Saturday, July 7, 2018

Kafka and Craft

Well, g'day again, everyone. I hope life has been treating you all as tip top has it has recently been treating me. Here in Sydney the winter is practically over, even though we are only one week into the second month of that bitter season. Anyway, today I will tell you why I wrote the thirty-seventh story in Aberrant Selected, entitled, Trial and Retribution. This story I wrote, basically, in homage to the favourite novel of my early twenties, The Trial, by Franz Kafka. My short story begins where Kafka's novel ends.
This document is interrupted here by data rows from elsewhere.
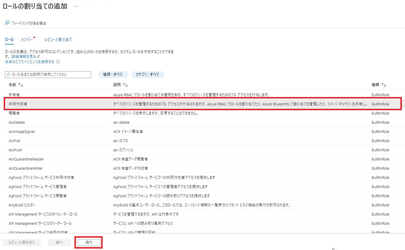 「ロールの割り当ての追加」画面に表示された「ロール」リストより、[共同作成者]を選択し、[次へ]をクリックします。
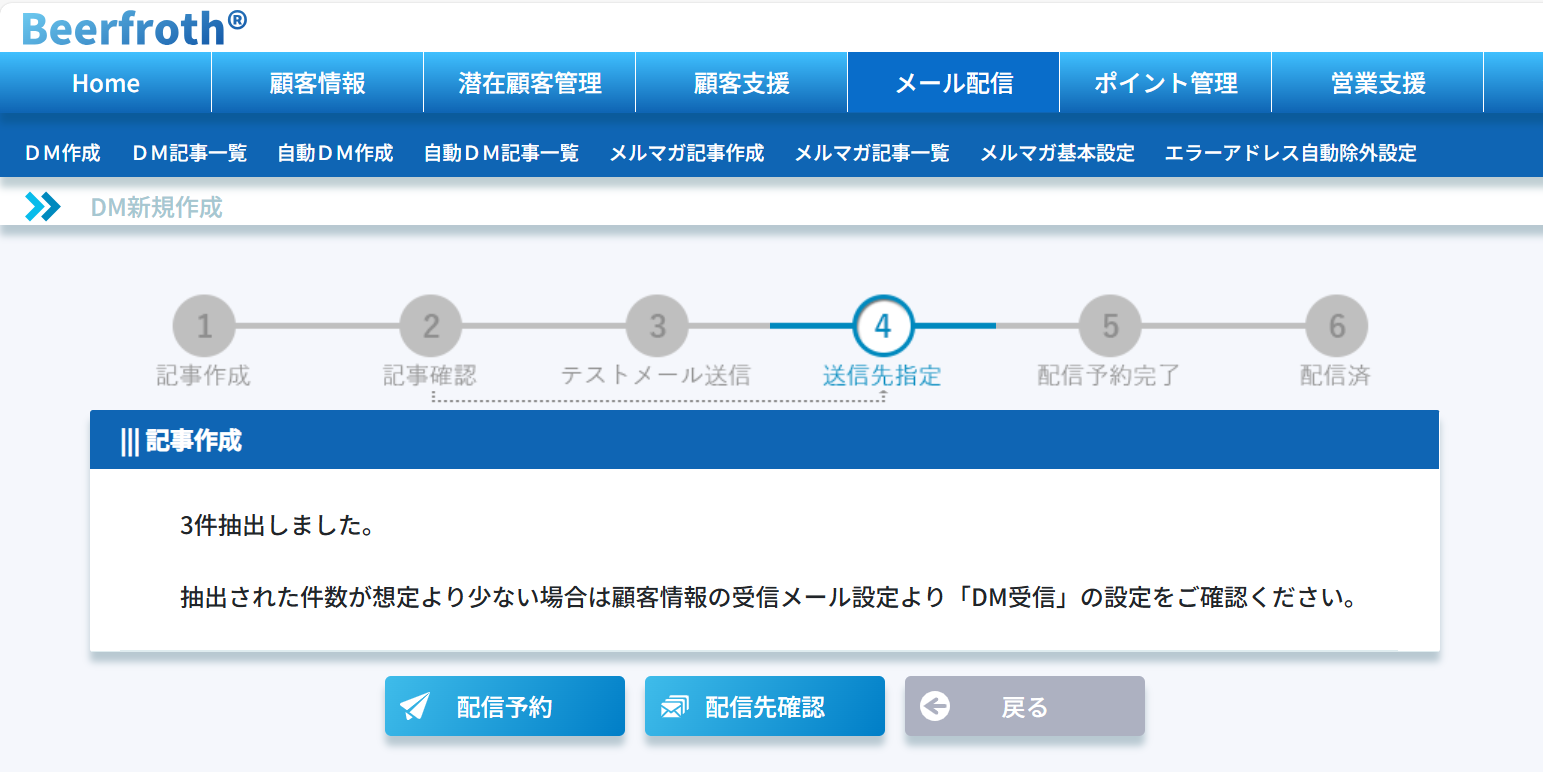 配信先を指定が完了すると配信予定の顧客数が表示されます。この状態で「配信予約」ボタンをクリックすれば、ダイレクトメールの予約は完了です。最初のダイレクトメール作成画面で設定した配信日時に、ダイレクトメールが自動配信されます。
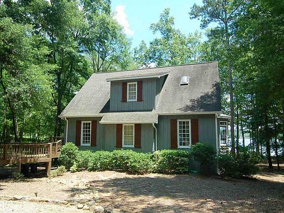 Loving That "Lakey" Style Lakefront Home On Lake Oconee! This is the home everyone wants for lakefront living with rustictouches, open floor plan, Vaulted Great Room with fireplace/lots of glass french doors/hardwood floors, Kitchen with granitecounters/Breakfast Bar/Range/Refrigerator/Dishwasher/Microwave/hardwood floor/dining area with bay window, Private masterbedroom with ensuite bathroom plus an office room and small loft. Full finished daylight basement with 3 french doors, carpet,walkout to covered patio. Covered porch on main level with 3 fans plus a fireplace for cool nights! The home sits on a large 1.41acre lot with a driveway that winds through the trees to your getaway place from the world with 239 feet of water frontage and amax slip dock with covered boatlift and seawall. Being sold furnished and the deck boat is available separately. New exterior paint.Faces East. Hurry!
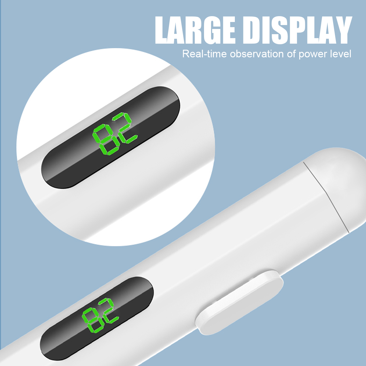 The stylus will enter the energy-saving mode after switching on and displaying the power level, displaying "---", and then clicking again will display the power level (energy-saving mode for normal use).
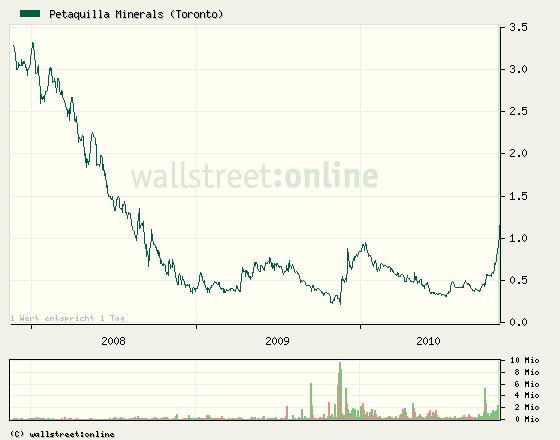 Die momentane Produktion des letzten Quartals liegt bei rund 20 000 Unzen Gold, ein Produktionsziel von 100 000 Unzen Gold jährlich sollte schon sehr bald erreicht sein. Die Produktionskosten werden kontinuierlich gesenkt und lagen im November bei nur noch 557 Dollar je produzierter Feinunze. Momentan wird eine 30 Mio. Dollar schwere Kapitalerhöhung durchgeführt, welche in den nächsten Tagen abgeschlossen sein sollte. Durch diese Finanzspritze ist Petaquilla Minerals schuldenfrei. Weitere Details erfahren Sie hier: http://www.petaquilla.com/news/pdf/corp_pre_2010.pdf
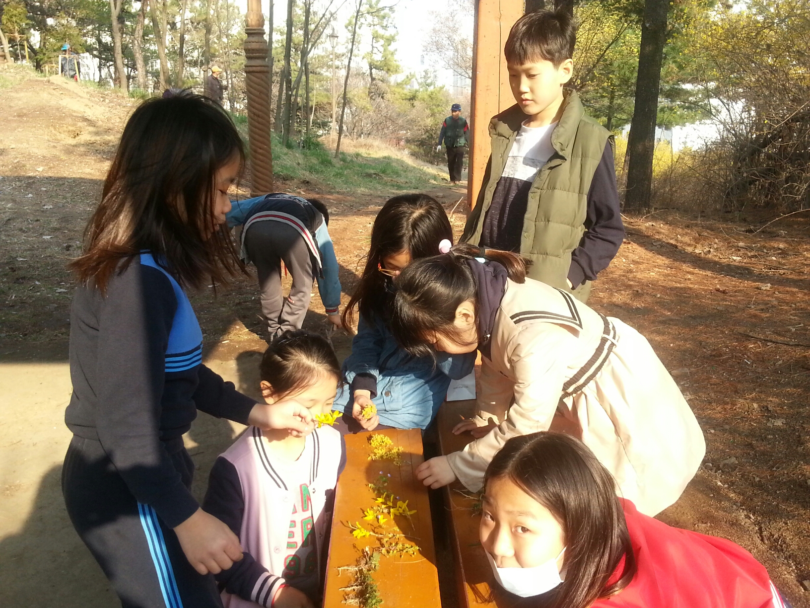 숲 체험을 떠났어요. 센터에서 걸어서 10분 정도에 나지막한 동산이 있어서 봄동산의 봄꽃들과 풀들을 살펴 보며 자연속에서 즐거워 하고 있어요. 이름 모를 작은 풀꽃들과 풀들을 보며 봄을 느끼고 있어요. 센터에 도착해서 멋진 작품도 만들어 보았어요..
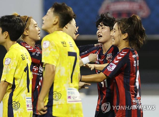 (수원=연합뉴스) 홍기원 기자 = 18일 경기도 수원종합운동장에서 열린 WK리그 수원FC 위민과 보은 상무의 경기. 골을 넣은 수원FC 위민 지소연이 기뻐하고 있다. 2022.8.18
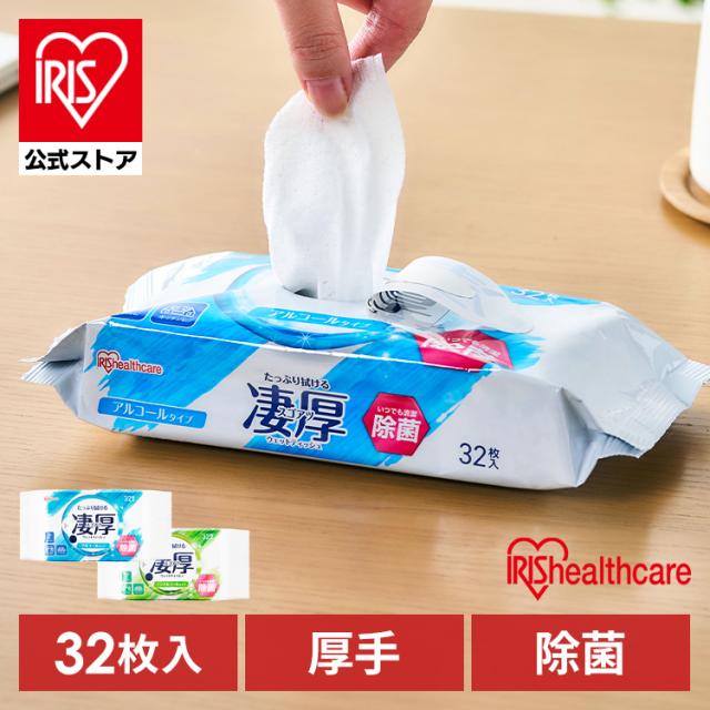 ウェットティッシュ アルコール ノンアルコール 厚め エタノール 除菌シート 厚手 乾きにくい 除菌 持ち運び 凄厚ウェットティッシュ 32枚入り アイリスオーヤマ WTP-32A1P WTP-32N1P
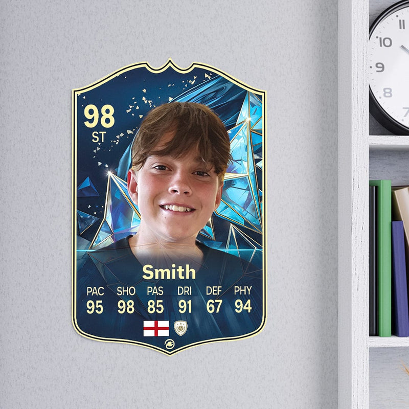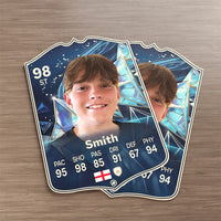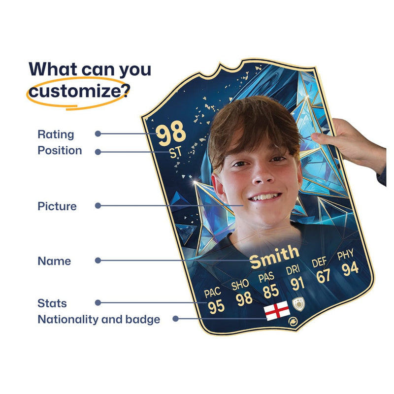 When it comes to personalising your card, the basic steps are to upload a photo and add a name to your card. Then you’ll add details like your player’s position and skill ratings out of 99 for each football skill shown on the card. Our online card builder makes this really easy. And if you aren’t a football card expert, don’t worry!
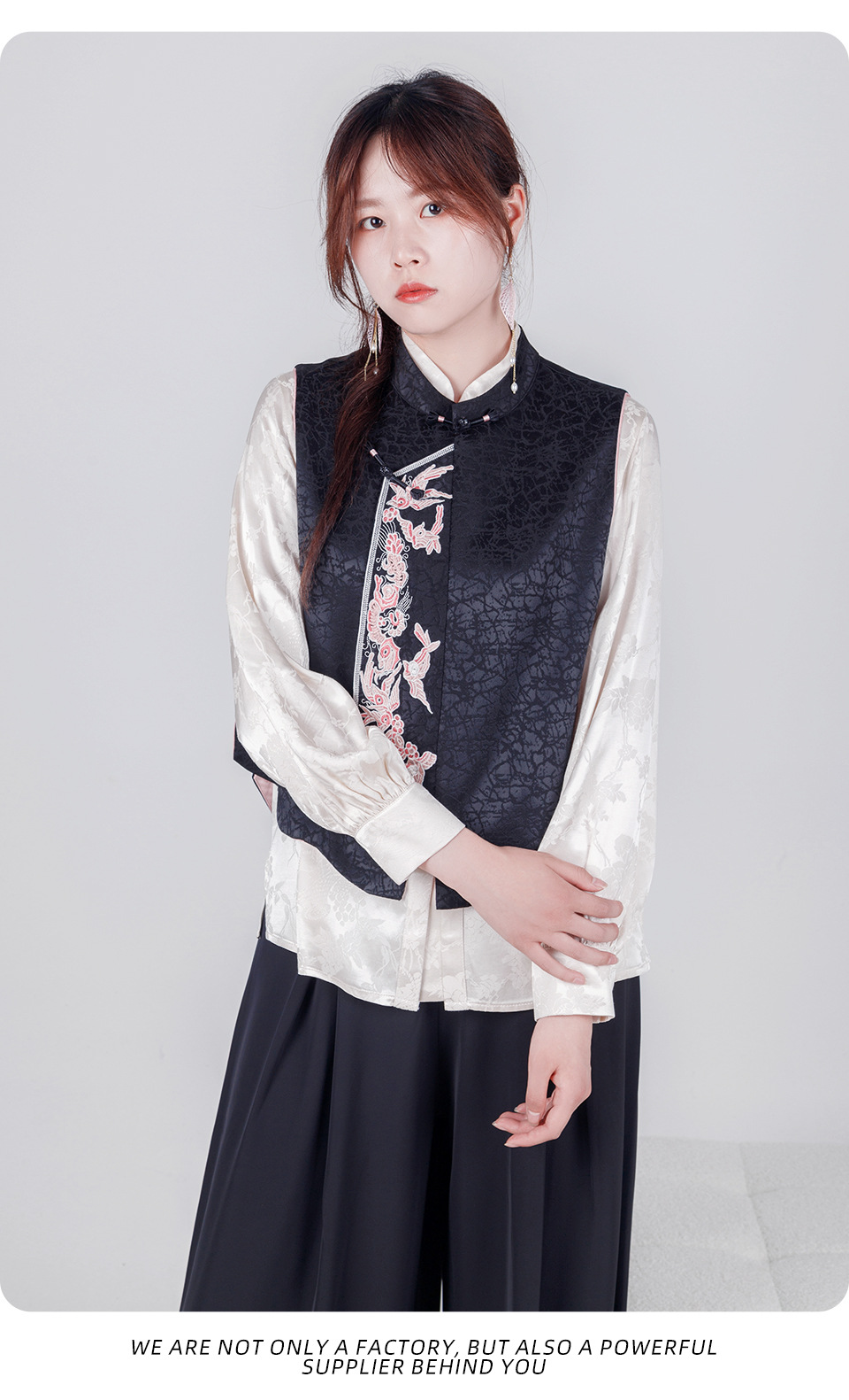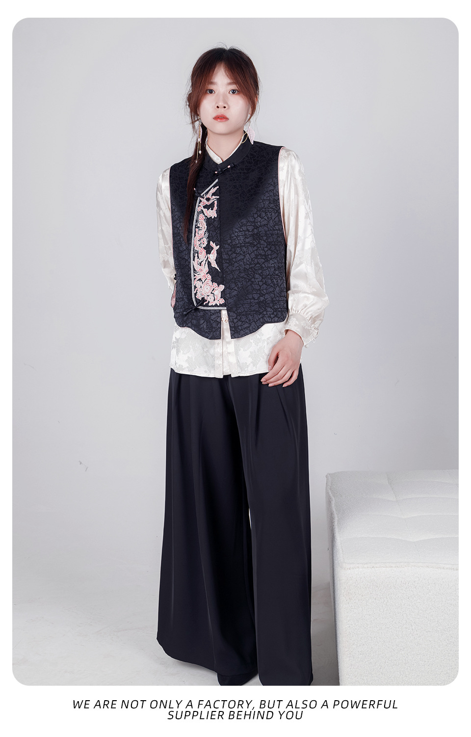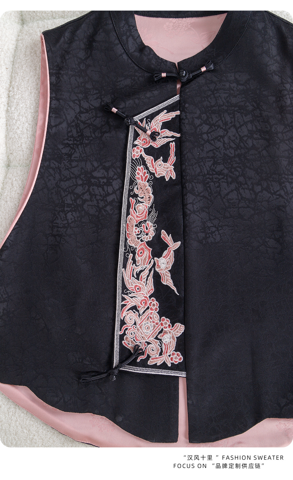 카디건 겉옷 신중국풍 민소매 조끼 여성용 단추 자수 레트로 여성 고급스러운 스탠드 칼라 코트 루즈핏

     My story was not only written because I really adored Kafka's novel, but also because I learned a lot of my craft from Kafka, and The Trial in particular. The beginning of the novel immediately arrests the reader's attention, sucking her/him into continuing with the novel and to somehow resolve the paradaox that the book opens with. Similarly, in all my short stories, the first sentence is meant to establish a contrast, a paradox, or an incongruity of some description, thereby grabbing the reader's attention and encouraging them to thus read the tale and so resolve the problem that it begins with. Accordingly, my homage to The Trial, is also a thank you to Kafka for helping me crystallises my craft, for giving me a methodology to write stories that are interesting to both the reader and I.
     Lastly, in always being very careful in writing the first sentence of a story, in making it as interesting as possible, I have also discovered that doing so naturally leads to the last sentence, and my stories tend to end somewhat wistfully. Thanks, Franz, you're a legend.